● Task details
An image-free reproduction of the data below is needed: print it exactly.
==================================================
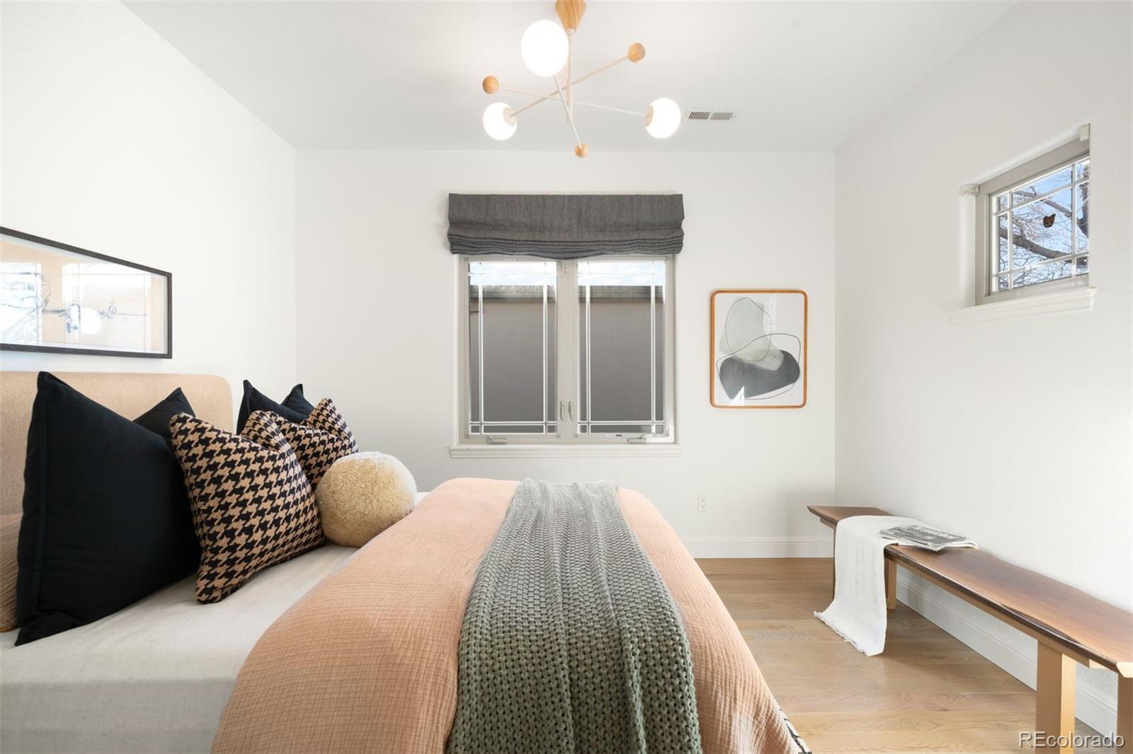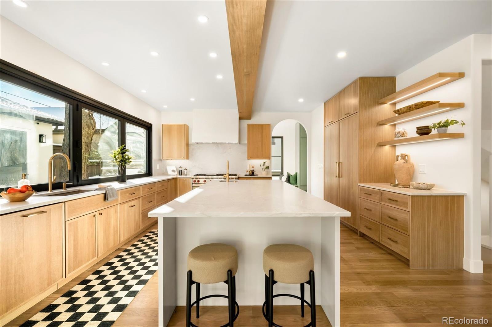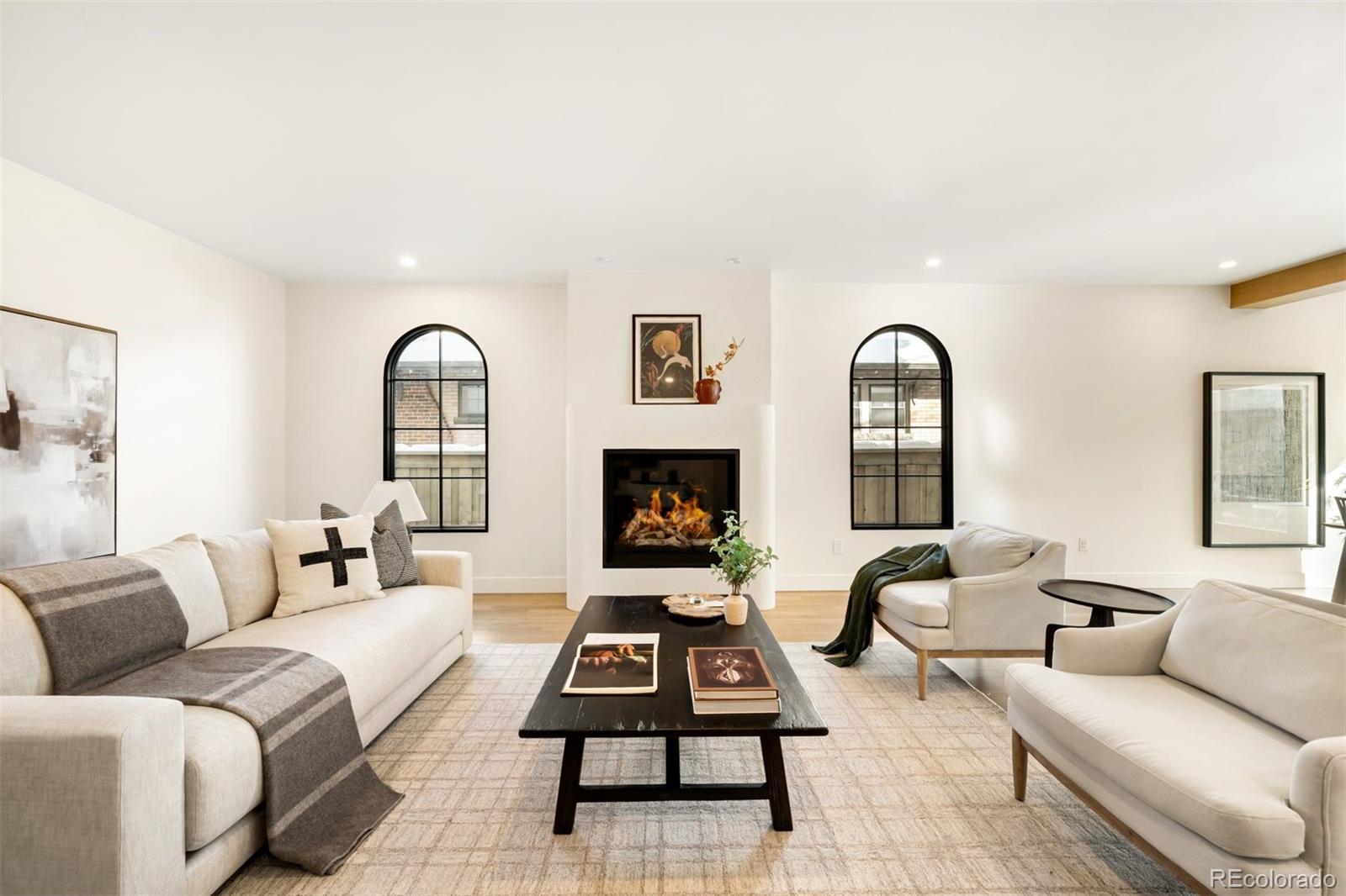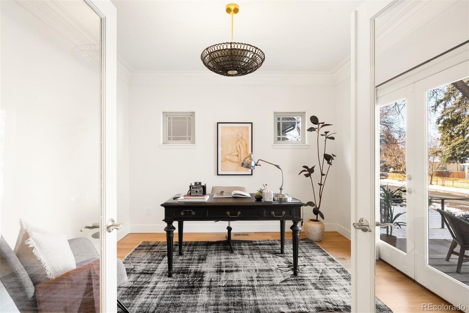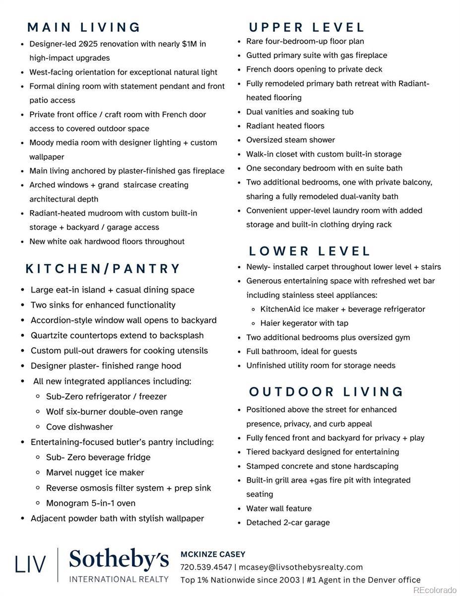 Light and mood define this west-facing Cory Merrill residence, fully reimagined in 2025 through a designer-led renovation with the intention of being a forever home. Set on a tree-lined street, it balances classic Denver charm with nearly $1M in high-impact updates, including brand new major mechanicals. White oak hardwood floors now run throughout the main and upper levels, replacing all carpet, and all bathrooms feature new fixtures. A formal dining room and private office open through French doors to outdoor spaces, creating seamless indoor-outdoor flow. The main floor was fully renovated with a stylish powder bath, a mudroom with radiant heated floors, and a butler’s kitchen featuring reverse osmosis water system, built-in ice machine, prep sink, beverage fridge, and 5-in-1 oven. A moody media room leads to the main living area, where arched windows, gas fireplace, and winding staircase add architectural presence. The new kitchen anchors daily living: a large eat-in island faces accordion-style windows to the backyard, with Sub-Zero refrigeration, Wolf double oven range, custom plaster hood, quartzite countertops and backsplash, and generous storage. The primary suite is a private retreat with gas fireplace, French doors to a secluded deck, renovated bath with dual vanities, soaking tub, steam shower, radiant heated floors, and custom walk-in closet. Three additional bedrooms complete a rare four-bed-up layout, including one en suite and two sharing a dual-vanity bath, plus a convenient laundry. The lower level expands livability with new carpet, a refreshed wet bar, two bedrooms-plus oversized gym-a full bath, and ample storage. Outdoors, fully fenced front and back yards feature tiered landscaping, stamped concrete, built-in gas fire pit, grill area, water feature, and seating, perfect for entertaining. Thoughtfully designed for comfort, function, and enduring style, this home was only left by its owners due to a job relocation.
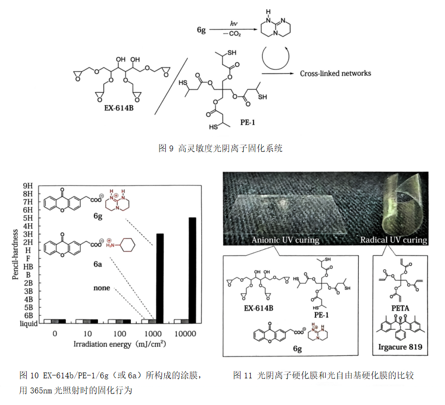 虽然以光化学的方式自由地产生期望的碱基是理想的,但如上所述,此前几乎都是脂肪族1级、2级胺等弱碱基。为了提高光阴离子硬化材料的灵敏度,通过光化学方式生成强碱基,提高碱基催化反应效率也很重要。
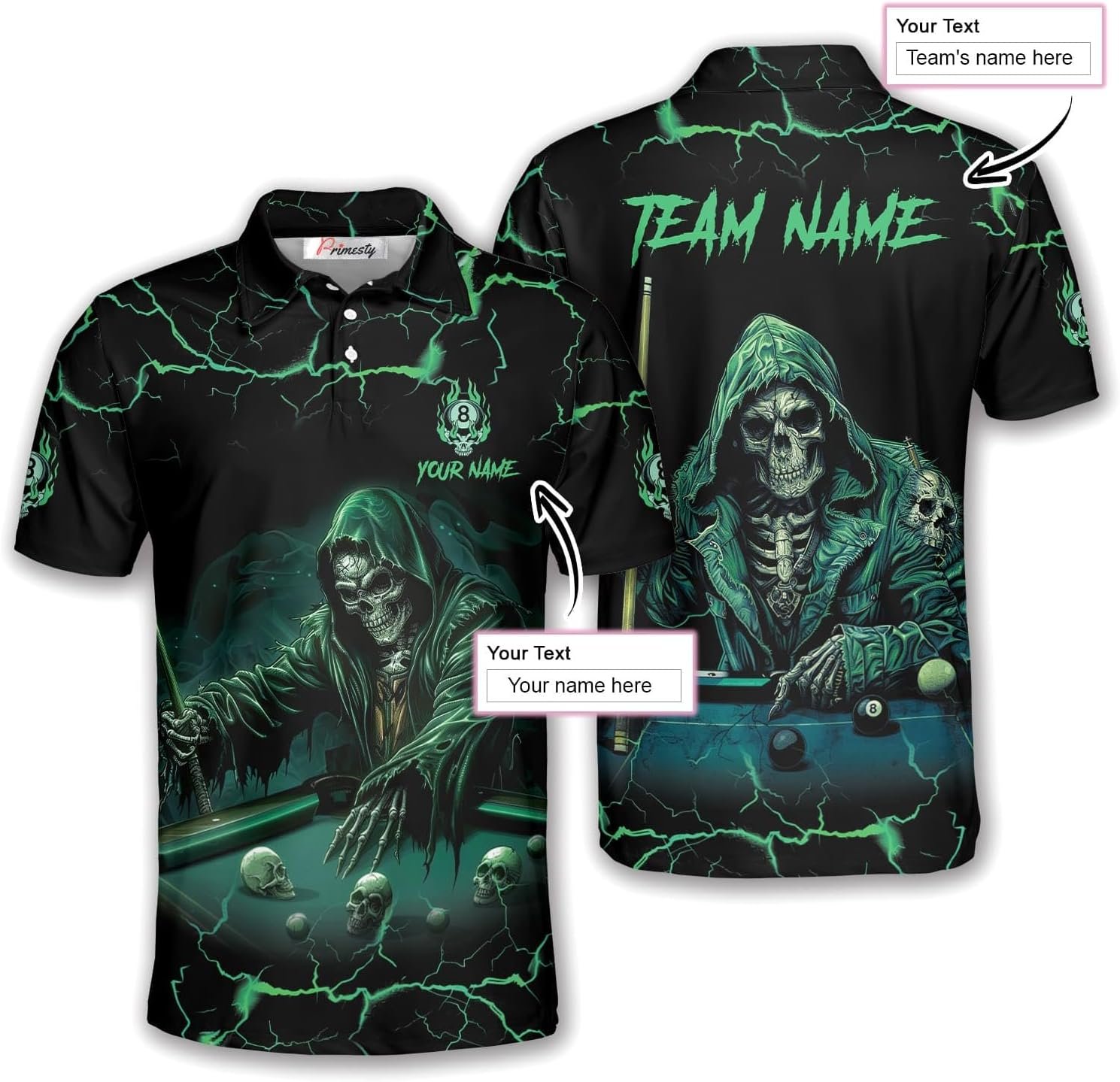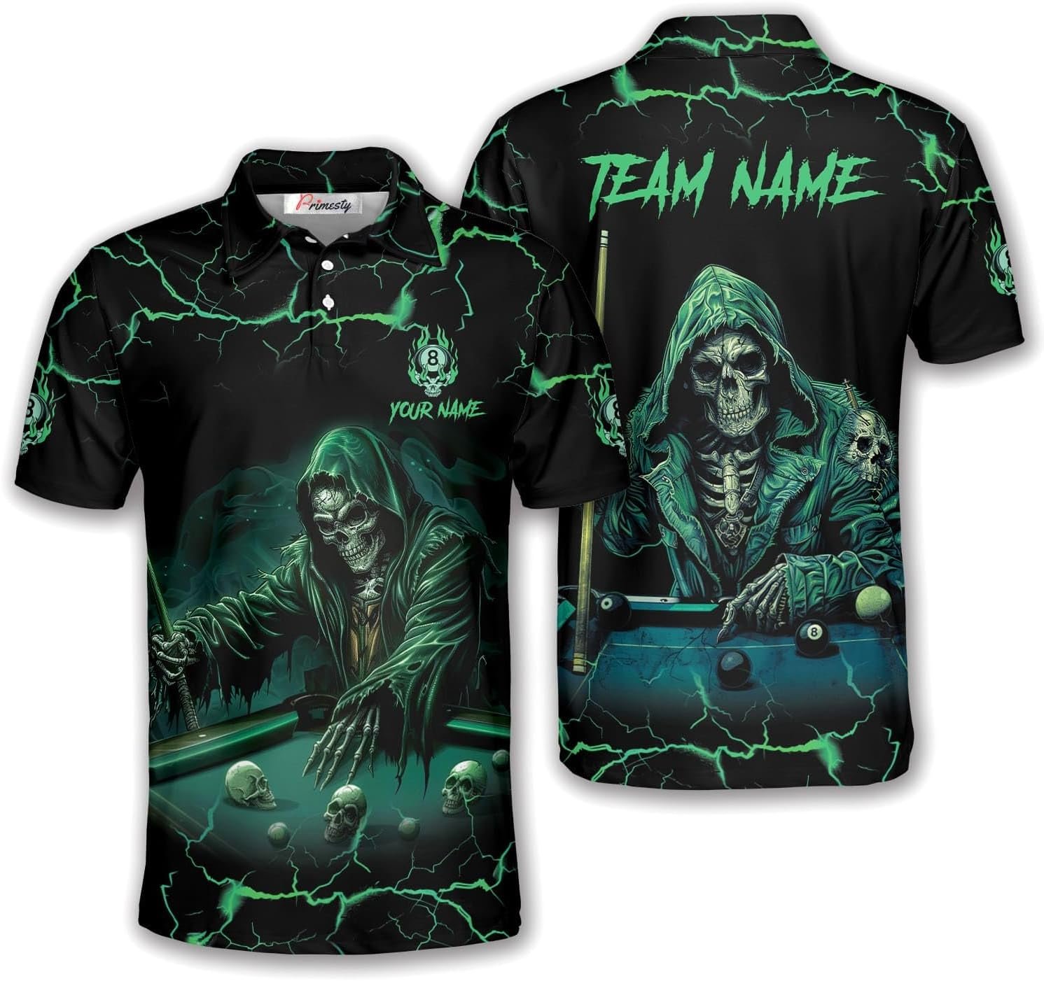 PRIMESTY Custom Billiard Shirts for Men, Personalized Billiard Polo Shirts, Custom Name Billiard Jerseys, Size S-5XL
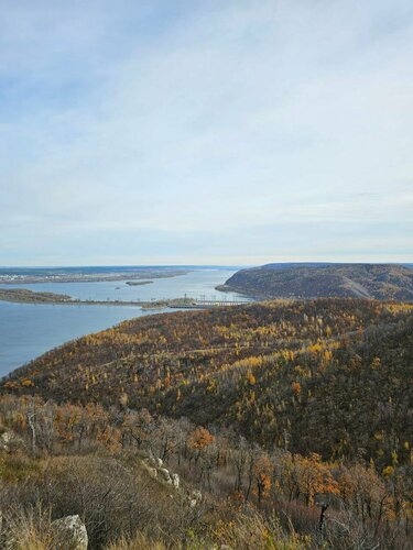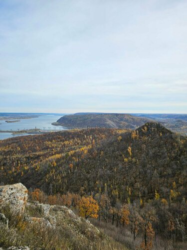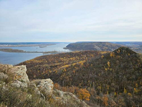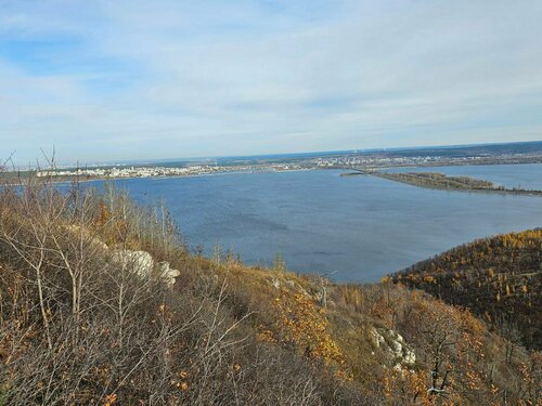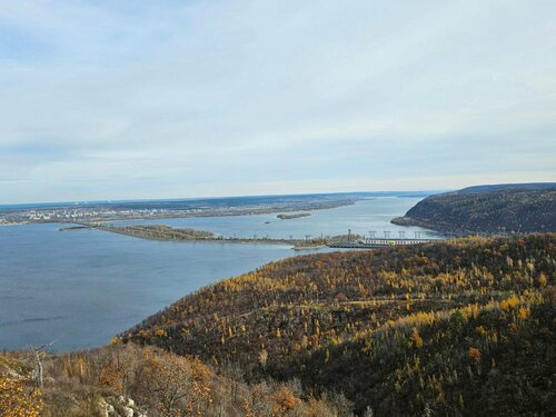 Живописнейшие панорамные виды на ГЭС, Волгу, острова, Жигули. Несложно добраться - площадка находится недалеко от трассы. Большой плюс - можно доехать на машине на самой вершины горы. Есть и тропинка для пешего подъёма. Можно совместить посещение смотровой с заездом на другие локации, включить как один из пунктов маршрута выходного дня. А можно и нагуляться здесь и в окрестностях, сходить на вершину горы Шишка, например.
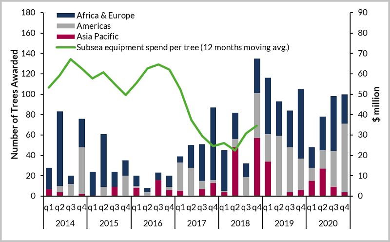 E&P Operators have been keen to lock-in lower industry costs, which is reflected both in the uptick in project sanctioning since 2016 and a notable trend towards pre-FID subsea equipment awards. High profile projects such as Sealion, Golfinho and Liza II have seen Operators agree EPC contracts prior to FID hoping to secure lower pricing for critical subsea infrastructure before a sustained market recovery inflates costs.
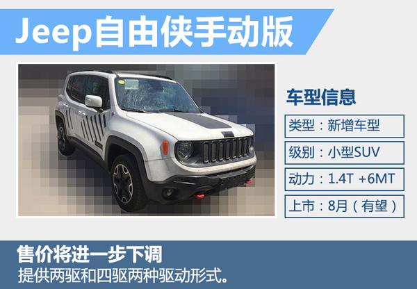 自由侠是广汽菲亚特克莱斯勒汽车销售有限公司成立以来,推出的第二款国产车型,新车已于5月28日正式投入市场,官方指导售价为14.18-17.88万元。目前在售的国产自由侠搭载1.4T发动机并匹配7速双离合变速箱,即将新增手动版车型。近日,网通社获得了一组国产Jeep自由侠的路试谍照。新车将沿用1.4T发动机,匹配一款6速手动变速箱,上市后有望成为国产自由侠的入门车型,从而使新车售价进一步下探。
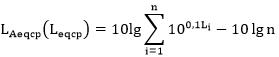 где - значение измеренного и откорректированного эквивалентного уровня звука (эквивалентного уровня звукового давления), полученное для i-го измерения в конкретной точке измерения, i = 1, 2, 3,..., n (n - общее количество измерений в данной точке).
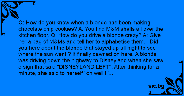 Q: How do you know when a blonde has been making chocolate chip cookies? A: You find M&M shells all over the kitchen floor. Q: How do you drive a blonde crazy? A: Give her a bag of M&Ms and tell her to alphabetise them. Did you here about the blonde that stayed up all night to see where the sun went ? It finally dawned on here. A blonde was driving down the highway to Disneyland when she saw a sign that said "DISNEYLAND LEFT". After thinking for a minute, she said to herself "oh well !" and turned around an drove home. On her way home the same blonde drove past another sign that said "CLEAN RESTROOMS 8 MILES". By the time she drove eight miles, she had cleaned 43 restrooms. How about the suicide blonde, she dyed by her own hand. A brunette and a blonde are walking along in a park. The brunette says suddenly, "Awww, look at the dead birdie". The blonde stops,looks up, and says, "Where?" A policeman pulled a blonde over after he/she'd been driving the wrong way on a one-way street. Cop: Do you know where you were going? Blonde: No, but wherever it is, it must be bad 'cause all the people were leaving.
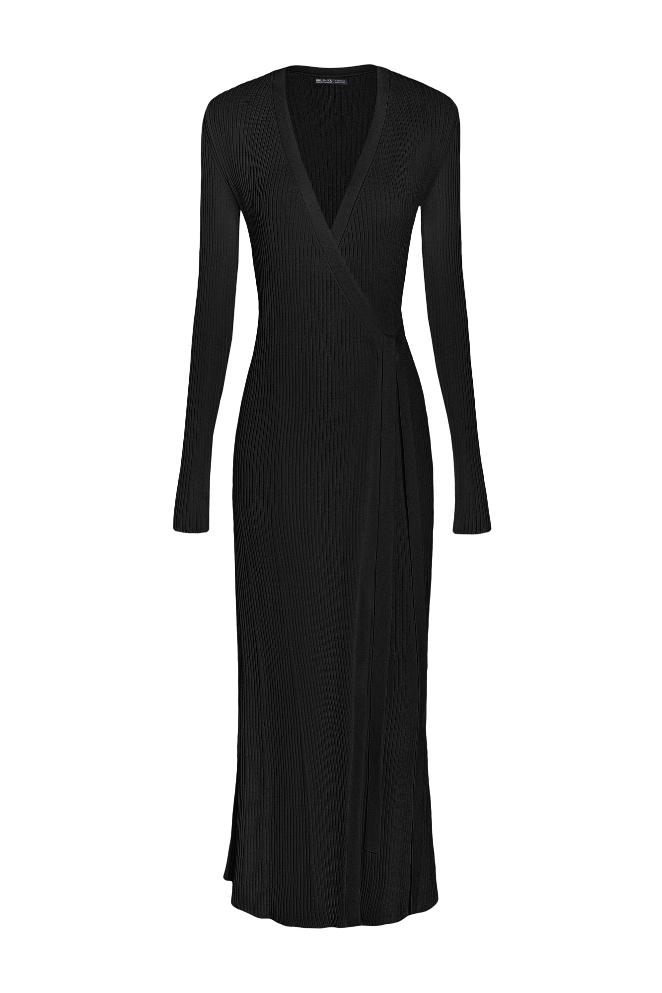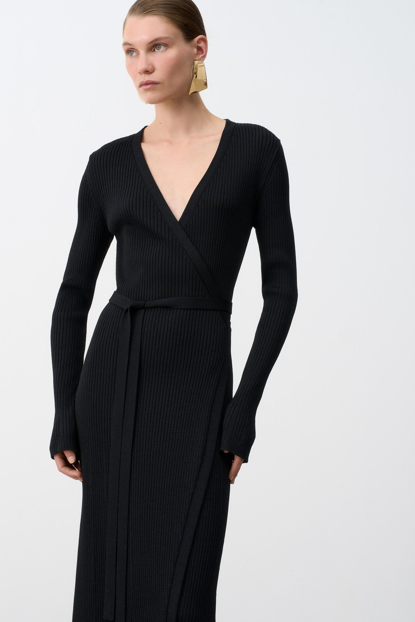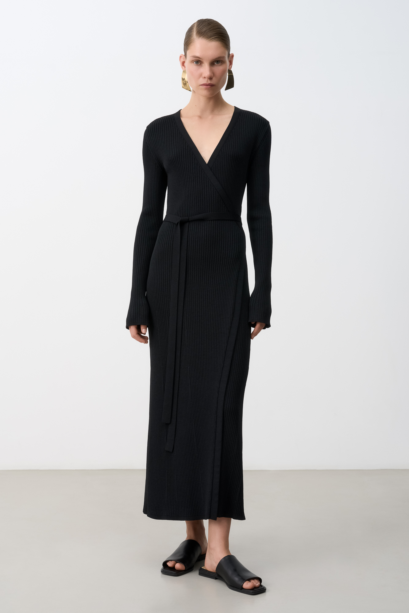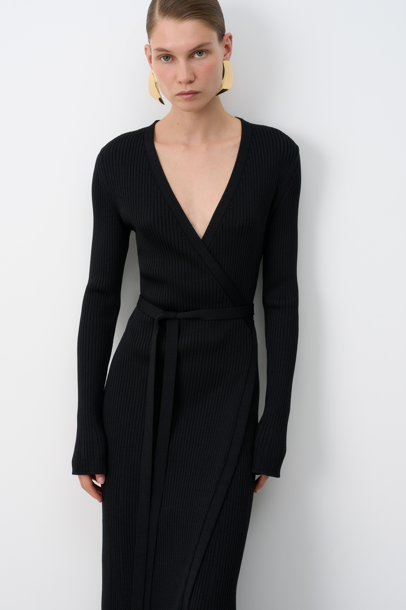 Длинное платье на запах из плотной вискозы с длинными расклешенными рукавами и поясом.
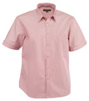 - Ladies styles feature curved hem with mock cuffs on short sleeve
==================================================
● Result below
 Light and mood define this west-facing Cory Merrill residence, fully reimagined in 2025 through a designer-led renovation with the intention of being a forever home. Set on a tree-lined street, it balances classic Denver charm with nearly $1M in high-impact updates, including brand new major mechanicals. White oak hardwood floors now run throughout the main and upper levels, replacing all carpet, and all bathrooms feature new fixtures. A formal dining room and private office open through French doors to outdoor spaces, creating seamless indoor-outdoor flow. The main floor was fully renovated with a stylish powder bath, a mudroom with radiant heated floors, and a butler’s kitchen featuring reverse osmosis water system, built-in ice machine, prep sink, beverage fridge, and 5-in-1 oven. A moody media room leads to the main living area, where arched windows, gas fireplace, and winding staircase add architectural presence. The new kitchen anchors daily living: a large eat-in island faces accordion-style windows to the backyard, with Sub-Zero refrigeration, Wolf double oven range, custom plaster hood, quartzite countertops and backsplash, and generous storage. The primary suite is a private retreat with gas fireplace, French doors to a secluded deck, renovated bath with dual vanities, soaking tub, steam shower, radiant heated floors, and custom walk-in closet. Three additional bedrooms complete a rare four-bed-up layout, including one en suite and two sharing a dual-vanity bath, plus a convenient laundry. The lower level expands livability with new carpet, a refreshed wet bar, two bedrooms-plus oversized gym-a full bath, and ample storage. Outdoors, fully fenced front and back yards feature tiered landscaping, stamped concrete, built-in gas fire pit, grill area, water feature, and seating, perfect for entertaining. Thoughtfully designed for comfort, function, and enduring style, this home was only left by its owners due to a job relocation.
 虽然以光化学的方式自由地产生期望的碱基是理想的,但如上所述,此前几乎都是脂肪族1级、2级胺等弱碱基。为了提高光阴离子硬化材料的灵敏度,通过光化学方式生成强碱基,提高碱基催化反应效率也很重要。
 PRIMESTY Custom Billiard Shirts for Men, Personalized Billiard Polo Shirts, Custom Name Billiard Jerseys, Size S-5XL
 Живописнейшие панорамные виды на ГЭС, Волгу, острова, Жигули. Несложно добраться - площадка находится недалеко от трассы. Большой плюс - можно доехать на машине на самой вершины горы. Есть и тропинка для пешего подъёма. Можно совместить посещение смотровой с заездом на другие локации, включить как один из пунктов маршрута выходного дня. А можно и нагуляться здесь и в окрестностях, сходить на вершину горы Шишка, например.
 E&P Operators have been keen to lock-in lower industry costs, which is reflected both in the uptick in project sanctioning since 2016 and a notable trend towards pre-FID subsea equipment awards. High profile projects such as Sealion, Golfinho and Liza II have seen Operators agree EPC contracts prior to FID hoping to secure lower pricing for critical subsea infrastructure before a sustained market recovery inflates costs.
 自由侠是广汽菲亚特克莱斯勒汽车销售有限公司成立以来,推出的第二款国产车型,新车已于5月28日正式投入市场,官方指导售价为14.18-17.88万元。目前在售的国产自由侠搭载1.4T发动机并匹配7速双离合变速箱,即将新增手动版车型。近日,网通社获得了一组国产Jeep自由侠的路试谍照。新车将沿用1.4T发动机,匹配一款6速手动变速箱,上市后有望成为国产自由侠的入门车型,从而使新车售价进一步下探。
 где - значение измеренного и откорректированного эквивалентного уровня звука (эквивалентного уровня звукового давления), полученное для i-го измерения в конкретной точке измерения, i = 1, 2, 3,..., n (n - общее количество измерений в данной точке).
 Q: How do you know when a blonde has been making chocolate chip cookies? A: You find M&M shells all over the kitchen floor. Q: How do you drive a blonde crazy? A: Give her a bag of M&Ms and tell her to alphabetise them. Did you here about the blonde that stayed up all night to see where the sun went ? It finally dawned on here. A blonde was driving down the highway to Disneyland when she saw a sign that said "DISNEYLAND LEFT". After thinking for a minute, she said to herself "oh well !" and turned around an drove home. On her way home the same blonde drove past another sign that said "CLEAN RESTROOMS 8 MILES". By the time she drove eight miles, she had cleaned 43 restrooms. How about the suicide blonde, she dyed by her own hand. A brunette and a blonde are walking along in a park. The brunette says suddenly, "Awww, look at the dead birdie". The blonde stops,looks up, and says, "Where?" A policeman pulled a blonde over after he/she'd been driving the wrong way on a one-way street. Cop: Do you know where you were going? Blonde: No, but wherever it is, it must be bad 'cause all the people were leaving.
 Длинное платье на запах из плотной вискозы с длинными расклешенными рукавами и поясом.
 - Ladies styles feature curved hem with mock cuffs on short sleeve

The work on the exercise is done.